Suppose you have static library A, and dynamic shared object library B and your program C under linux. Suppose that library A calls functions from library B and your program calls functions from library A. Now suppose that all functions that C calls in A make no use of functions in B.

To compile C will it be enough to link just A and omit B and furthermore can your program C be run on a system without library B installed?

+4  A: 

If your program calls functions in A that don't reference B then B is not required either at link or load time, assuming that the functions in A are in separate compilation units, which is usually the case for a library.

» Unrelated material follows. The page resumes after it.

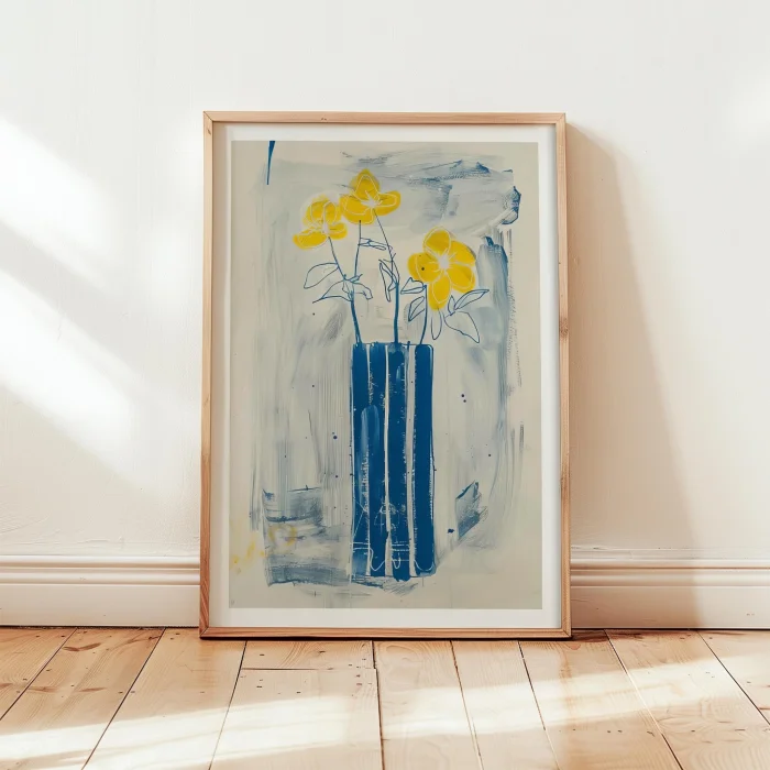 Product: Abstract Vazo Ve Çiçekler - Mavi Sarı Wooden Framed Wall Art

The linker will pull the functions from the library that C uses and since none of them call functions in B, B will not be needed.

Richard Pennington
ahhh thanks! So the linker is smarter than I initially thought.
ldog
+2  A: 

Holy placeholder name overload, batman. Let's first replace A, B, and C, with libstatic, libshared, and myapp to make things a little more legible:

Suppose you have static library libstatic, and dynamic shared object library libshared and your program myapp under linux. Suppose that library libstatic calls functions from library libshared and your program (myapp) calls functions from library libstatic. Now suppose that all functions that myapp calls in libstatic make no use of functions in libshared.

To compile myapp will it be enough to link just libstatic and omit libshared and furthermore can your program myapp be run on a system without library libshared installed?

So the way I understand your question, there is a library libstatic, some functions in which make use of libshared. You want to know: if I don't use any of the libstatic functions that are dependent on libshared, will myapp link and run without libshared?

The answer is yes, so long as two things are true:

  1. The calls you make into libstatic do not depend on libshared directly or indirectly. Meaning that if myapp calls a function in libstatic which calls another function in libstatic which calls a function in libshared, then myapp is now dependent on libshared.

  2. The calls you make into libstatic do not depend on any function in libstatic whose implementation appears in the same compilation unit (object file) with a call to libshared. The linker brings in code from the static library at the level of object files, not at the level of individual functions. And remember, this dependency is similarly chained, so if you call a function in foo.o, and something else in foo.o calls a function in bar.o, and something in bar.o depends on libshared, you're toast.

When you link in a static library into an application, only the object files that contain the symbols used (directly or indirectly) are linked. So if it turns out that none of the object files that myapp ends up needing from libstatic depend on libshared, then myapp doesn't depend on libshared.